Life of Pi

Life of Pi Summary and Analysis of Part 3

Summary

The author explains that what follows are transcripts of a recorded conversation between Pi and two men, Mr. Okamoto and Mr. Chiba, of the Maritime Department in the Japanese Ministry of Transport, after they come to see him in the hospital in Tomatlan, Mexico.

Mr. Okamoto gives Pi a cookie, and asks if he would be willing to tell them everything that happened to him. Chapter 97 says simply, “The story.” After the story Mr. Okamoto and Mr. Chiba think Pi is fooling with them. They take a break, and Pi asks for another cookie.

Mr. Okamoto tells Pi that they don’t believe his story because bananas don’t float. Pi says that they do, and insists that they test it. They do, and it becomes clear that bananas do float. They tell Pi that they also don’t believe him about the island, or about Richard Parker. Pi tries to convince them, and they remain hard to persuade. They insist that they want the true story, which leads Pi to tell them a completely different story.

In this new story, Pi (Richard Parker) ended up in the lifeboat with his mother (the orangutan), the cook (the hyena), and a sailor (the zebra). The cook was voracious, and ate things like flies and rats even when he still had plenty of rations left. The sailor was young, and had broken his leg getting into the lifeboat. He only knew Chinese, and he suffered greatly.

As the sailor’s leg got infected, the cook said they must amputate it to save the sailor’s life. This they did, using only surprise as an anesthetic. The cook later let it slip that he had amputated the leg to use it as fishing bait, but it was too decayed and did not work effectively. The sailor died, and the cook butchered him. He claimed this too was for bait, but after a few days he started eating the flesh himself. Pi and his mother never ate any of it, but they did start to eat the fish and the turtles that the cook captured from the sea.

One day Pi was too weak to pull in a turtle, and the cook hit him. His mother hit the cook back, and sent Pi to the raft. The cook killed the mother.

Eventually Pi got back onto the boat with the cook. They shared a turtle, then Pi killed the cook with the knife the cook left out. Pi subsequently ate some of the cook's organs and flesh.

Mr. Okamoto and Mr. Chiba notice the parallels in the two stories. They continue to question Pi about how the boat actually sank.

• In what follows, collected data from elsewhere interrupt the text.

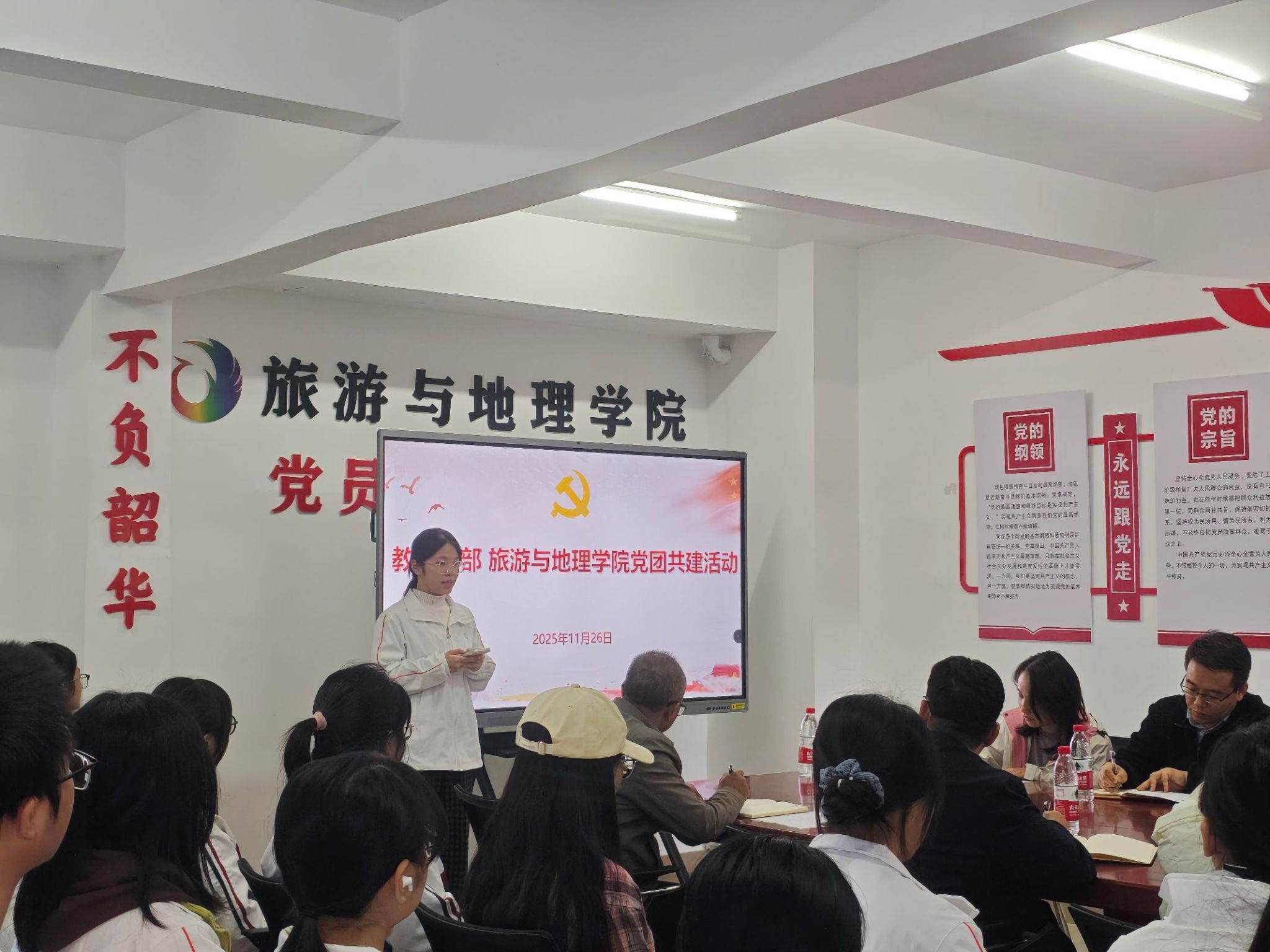 教育学部党支部和对接的团支部、社团成员、及旅游与地理学院教师党员代表、学生第二党支部在紫荆苑2楼旅游与地理学院党员活动室开展师生座谈会。2025级地理科学1班团支部、义教队负责人分别介绍了班级建设和社团建设的基本情况。教育学部相关负责人立足学校人才培养整体目标,对班团组织建设、社团发展做出了方向性指导,并对师范专业学生如何提升专业素养提出了针对性建议。现场交流氛围热烈。旅游与地理学院党委书记曾裕华对教育学部表示衷心感谢,他要求班级、社团、学生党支部在教育学部的关心和指导下,不断加强干部队伍建设,增强组织凝聚力,提升成员素质能力,形成团结向上、刻苦努力的良好学风,打造亮点突出的工作品牌。
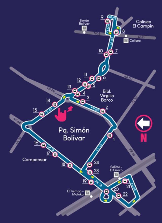 Esta ruta con 24 puntos de parada conectará al Parque Simón Bolívar con la estación Coliseo ubicada en la NQS y también con la troncal de la Avenida El Dorado.
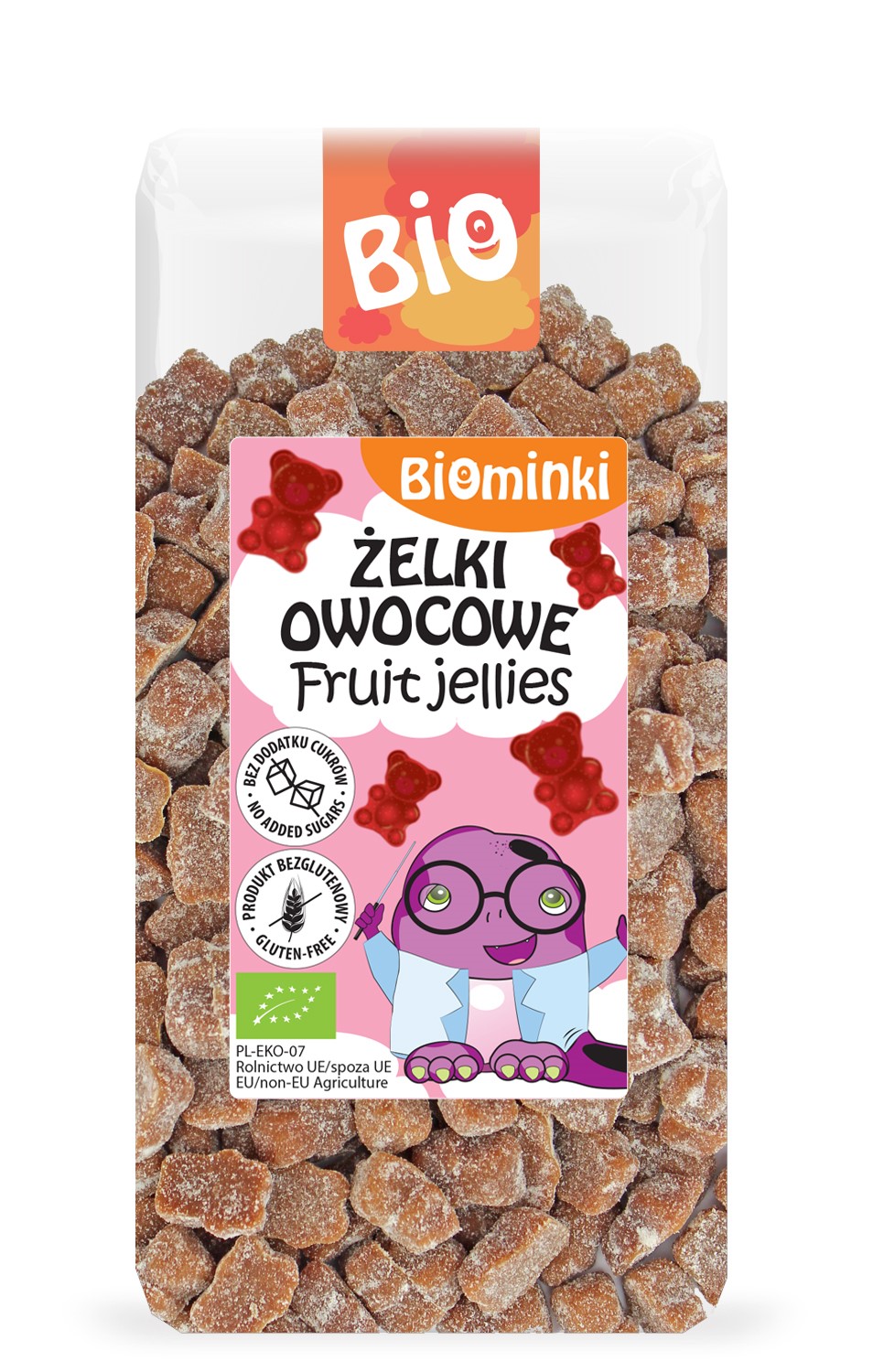 ŻELKI OWOCOWE BEZ DODATKU CUKRÓW BEZGLUTENOWE BIO 400 g – BIOMINKI
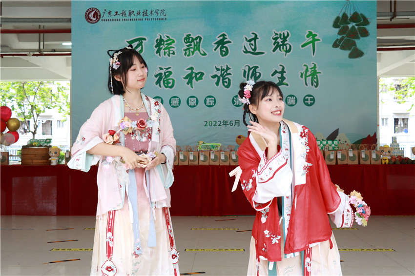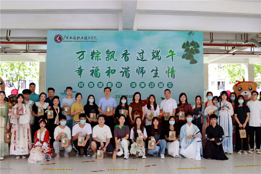 “广州、省职教城两校区今年同步开展端午节文化活动,让学生沉浸其中,在活动中了解中华优秀传统文化、爱上中国传统文化,发扬爱国主义精神,传承中华美德。”校长李丽说,“今后学校将继续以传统节日为契机送温暖办实事,凝心聚力,助推学校建设发展,营造和谐奋进干事创业发展生态。”
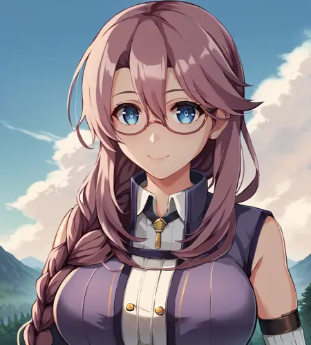 <lora:TrailsOfColdSteel-ClassVII:0.9>, emmacs1, long hair, purple hair, braided ponytail, glasses, blue eyes, large breasts, blue ascot, red school uniform, white shirt, plaid skirt, black thighhighs, loafers,
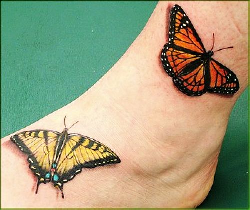 武汉最好的纹身店:脚部蝴蝶纹身图案图片
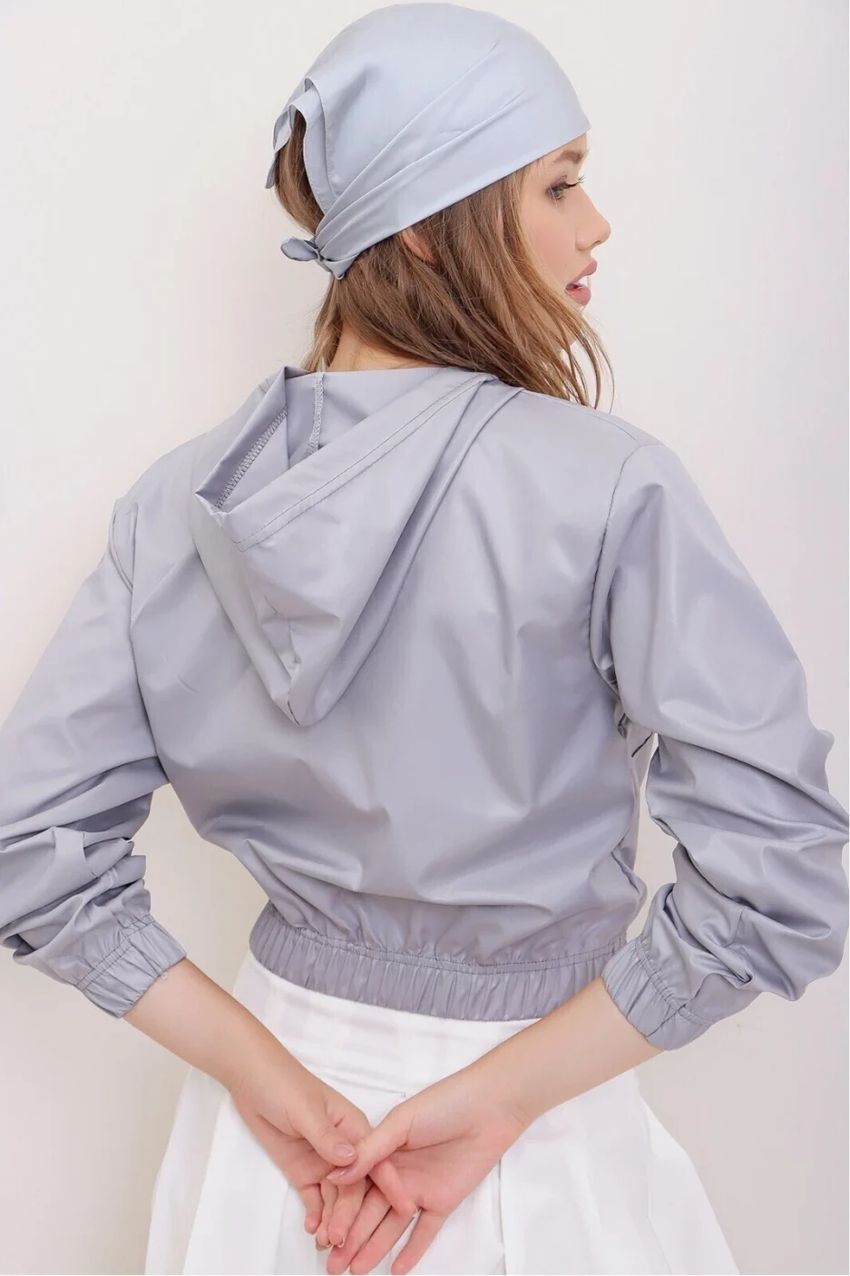 Женская серая куртка с капюшоном и карманами, легкая, без подкладки, на резинках, актуальный стиль, размеры 36-42
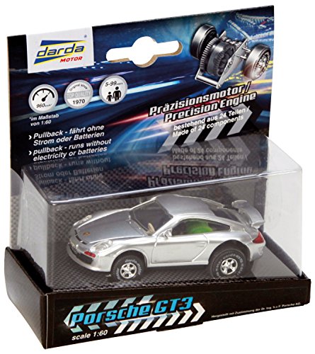 DARDA® – das schnellste Autorennbahn- System der Welt. Übersetzt auf den Maßstab 1:60 chauffieren sie über 900 km/h schnell, ohne Strom und Batterien – das gibt es allerdings bei DARDA®. Die Fahrzeuge etwas nach herunter drücken und einfach abbestellen, loslassen und ab geht es durch Kurven und Loopings. Dieser coole, etwa 8 cm große, silberne Porsche GT3 sorgt An Stelle echtes Rennfeeling. Jeglicher DARDA®- Fahrzeuge sind auf allen DARDA®- Bahnen einsetzbar und bei allen kann der Murl ausgetauscht werden. DARDA® ist An Stelle Kinder ab 5 Jahren brauchbar und wird von neuem nach bewährten Qualitätsansprüchen hergestellt. Zuverlässigkeit und dauerhafte Spielfreude sind dadurch gewährleistet.
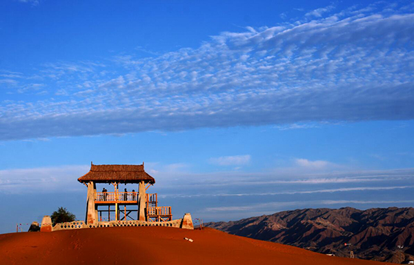 特殊的地理環(huán)境孕育了豐富的旅游資源,在這里,可以看到極具歷史積淀意義的4公里長的明代古長城遺址的宏偉景觀;可以站在湖畔觀賞著多達(dá)15種的沙漠生態(tài)魚和136種鳥類,其中黑鸛、大天鵝、金雕分別屬于國家一、二級保護(hù)動(dòng)物;可以在水上樂園與湖水親近;可以在遼闊的沙漠草原中縱情馳騁、在金沙島紫色的花海中徜徉;可以在永安寺里尋找片刻的寧靜,在五彩池畔與荷花仙子心靈神匯。騰格里湖沙漠濕地旅游區(qū)溫泉猶如沙漠里的藍(lán)色水晶,如詩如畫的旖旎風(fēng)光,看著格外悅目。
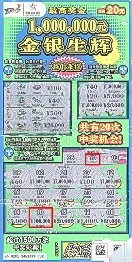 10天前,小成和同事吃过饭闲来无事,便打算去附近的体彩店刮几张彩票消磨一下时间。来到05403销售站,小成发现体育彩票又新出了一款彩票,该彩票票面还是有荧光效果的,小成立即掏出身上40元零钱向销售员要了2张“金银生辉”。第一张什么也没刮到,第二张,游戏一和游戏二也没有中奖,但是刮到游戏三时,奇迹出现了,中奖号码是“26、10、03”,而最后一行的第二个数字就出现了“10”,这和中奖号码完全相同。小成笃定地刮出下方的金额,“100,000”字样很是显眼,于是他拿着彩票给销售员确认自己是不是中了1万元,销售员仔细一看,“你中了10万元!”
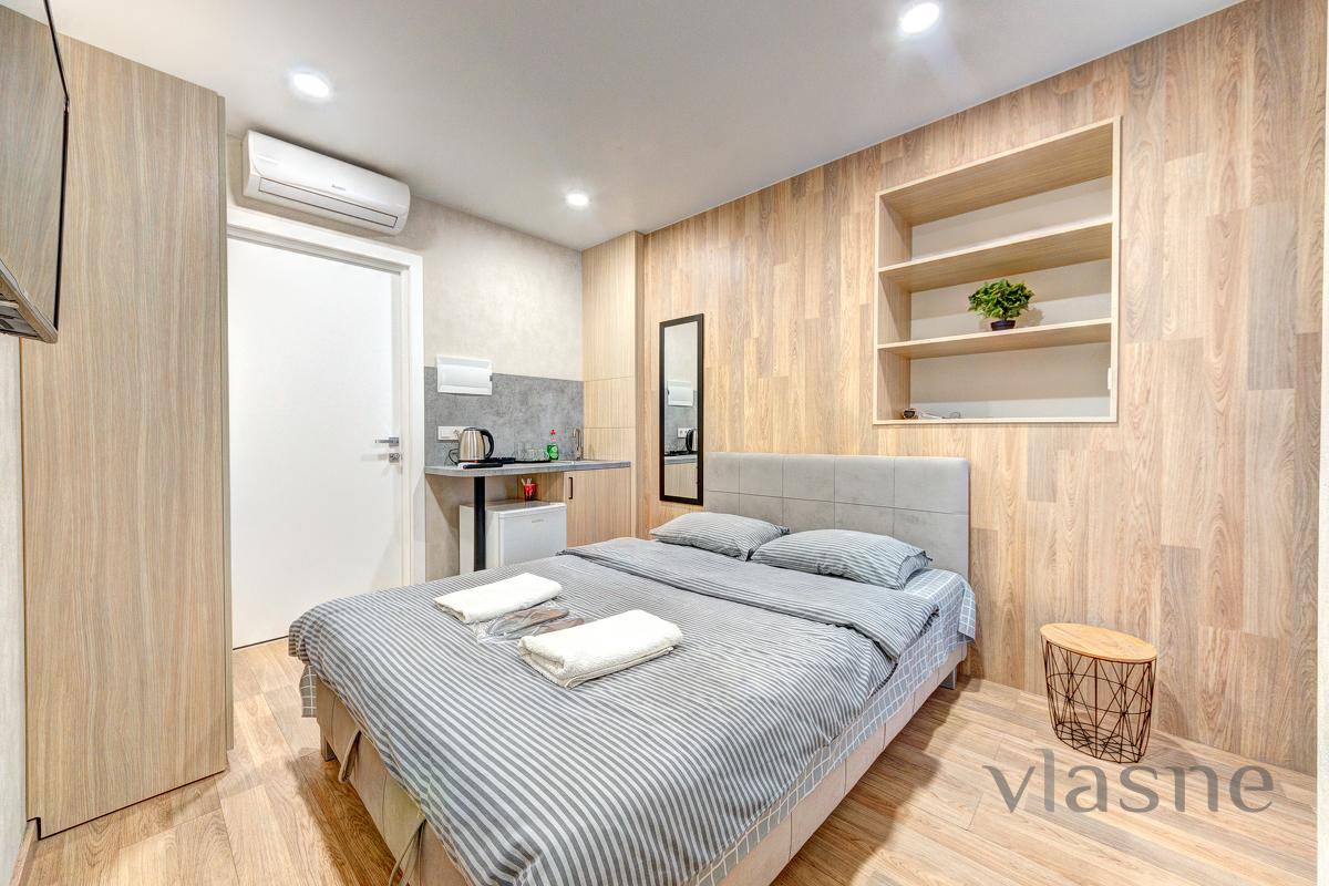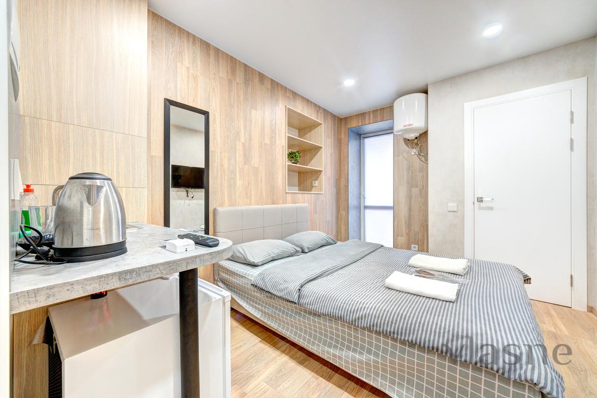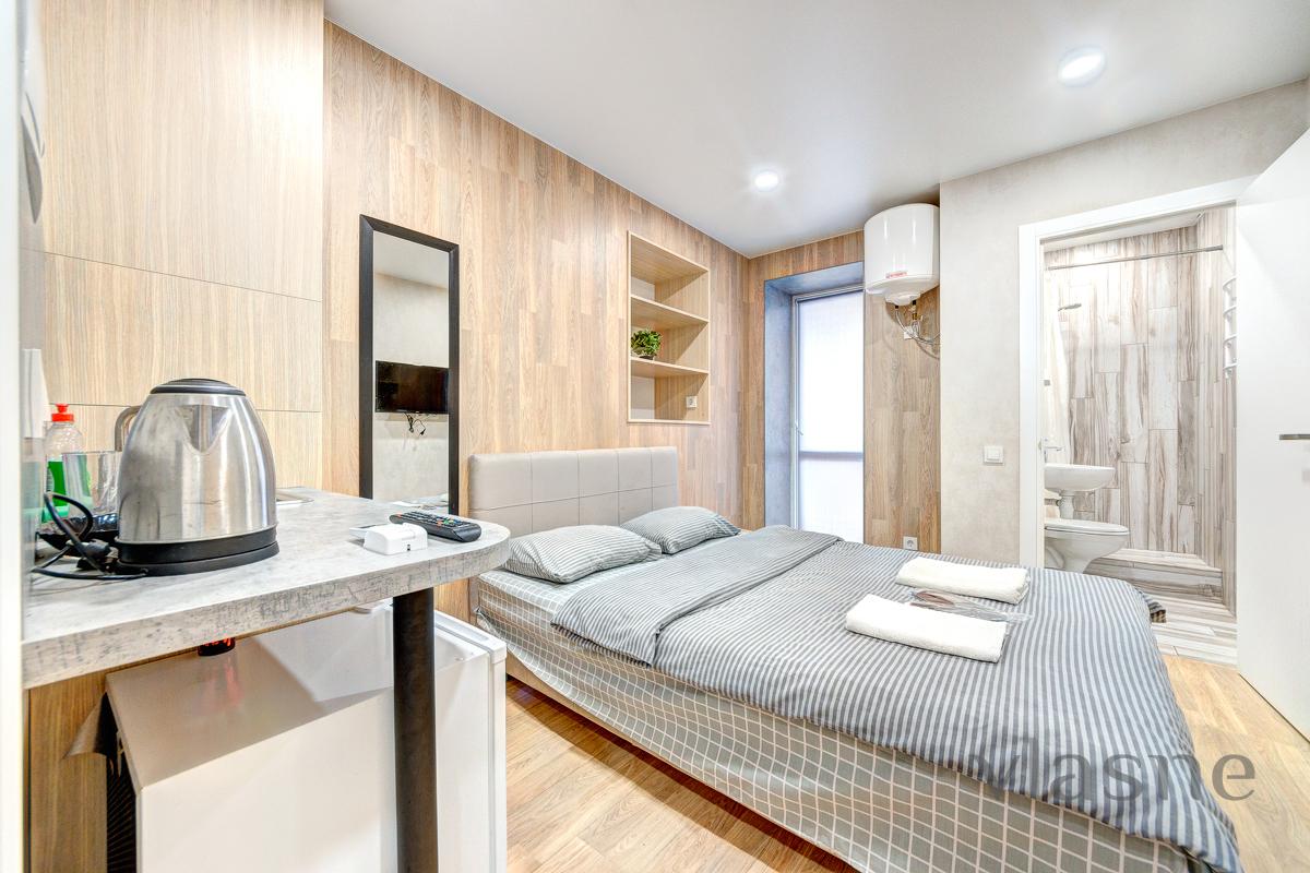 Поблизу в пішій доступності розташовані: ресторани, кафе, кав'ярні, відділення "Нова Пошта", супермаркет "Varus" та ТЦ Універмаг Україна. Квартира-студія з новим ремонтом, виконана у світлих тонах та затишними меблями.
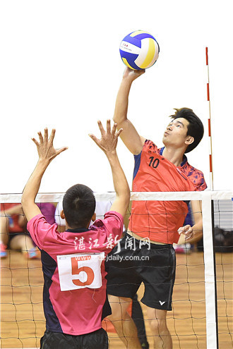 8日,第一届北部湾城市运动会气排球赛开赛,男子B组的比赛中,防城港队与崇左市队正在场上激烈比拼,最终防城港队以2:0获胜。 首日比赛的各小组排名第一的分别为:男子A组:北海;女子A组:北海;男子B组:防城港;女子B组:玉林。 据了解,本届运动会气排球赛共有7支参赛队伍,约130名运动员参加。
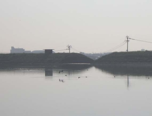 ◆クリークの上に水鳥が遊んでいます。中央左よりに影を映しているのは青鷺です。巨大な羽を広げて、私の足元から飛び立ったのですが、カメラをオンにして構えた時にはすでにクリークの反対側まで飛んでいってしまいました。 | |||
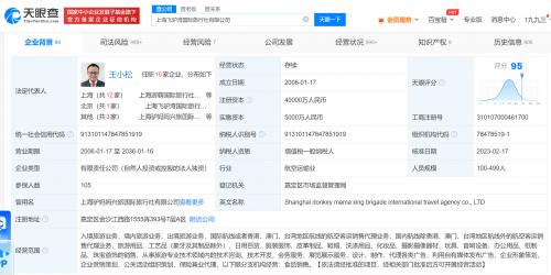 上海飞驴湾文化传播股份有限公司成立于2007年8月,法定代表人为马磊,注册资本约1.57亿人民币,由上海锦江资产管理有限公司、洪清华、上海鼎亮爵煜投资中心(有限合伙)等共同持股。上海飞驴湾国际旅行社有限公司成立于2006年1月,法定代表人为王小松,注册资本4亿人民币,由上海飞驴湾文化传播股份有限公司间接全资持股。
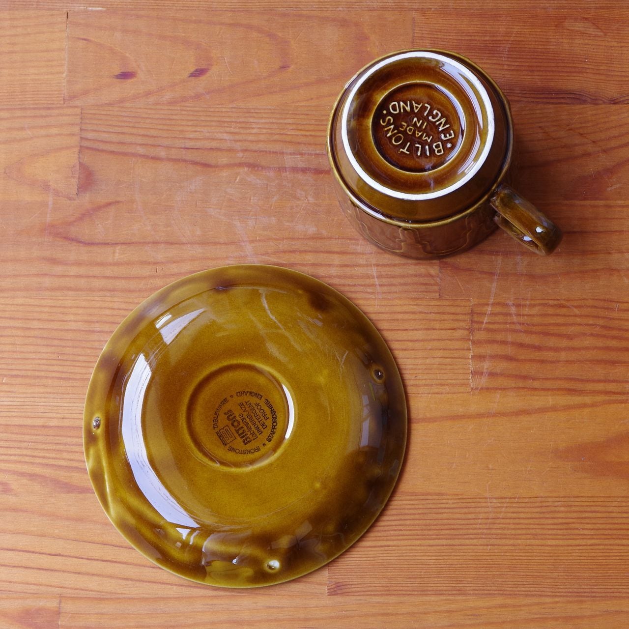 Biltons ビルトンズ ブラウン アラベスク レリーフ コーヒーカップ&ソーサー #260412-1 ヴィンテージ イギリス製 レトロモダン 食器 陶器 スタッキング ティーカップ CS

The final chapter contains Mr. Okamoto’s report after the interrogation, in which he says that the cause of the Tsimtsum’s sinking is impossible to determine, and references Pi’s amazing feat of having survived 227 days at sea with an adult tiger.

Analysis

Part 3 of Life of Pi revisits and reemphasizes themes raised earlier in the novel, as well as complicating and redefining them and the story itself. With the exceptions of the author’s chapters scattered throughout the novel, Part 3 is the first significant portion of the text that departs from Pi’s point of view to tell his story. This is especially significant, because Pi has claimed that his story is over; the author’s choice to continue it is in a way a departure from Pi’s presentation of, and thus control of, his story.

This idea of narrative control is crucial. Pi tells Mr. Okamoto and Mr. Chiba that everything in life is inherently a story - even facts, because they are being perceived by someone, and thus can never be truly objective. Yet in the mens' unwillingness to believe Pi's story, they weaken his control over it. Even faced with evidence—the floating bananas, the meerkat bones—they stand firm in their disbelief.

In response, Pi tells another story, one which should be more believable to them. In being forced to do so, he is in essence losing his control as storyteller - for the mens' dislike of zoo animals being involved must define how he tells the story.

Pi’s second story is, seemingly, more realistic, as well as significantly more tragic and horrifying. In both stories, he survives a long and terrible ordeal, but in the second, he seems to contains both his own, rational self, and the ferocious, wild, and very dangerous Richard Parker. Even if this is not the “true” story, the possibility of such a division of Pi’s personality is made clear by his doing so here—throughout his ordeal, we see his need to survive slowly overpowering his rational (vegetarian) self.

Yet while the second telling of the story may cast doubt for the reader on the first story, it is not meant to do so for more than a moment. Even the highly skeptical Mr. Okamoto and Mr. Chiba in the end choose to believe the first - the better story - because Pi tells them that they may. Neither story affects their investigation, so there is no reason not to take the less tragic and more "enjoyable" story as the true story. And this is how Pi finally defines his belief in God, and why Mr. Adirubasamy tells the author that this story will make him believe in God. Why not believe in a fundamentally benevolent universe?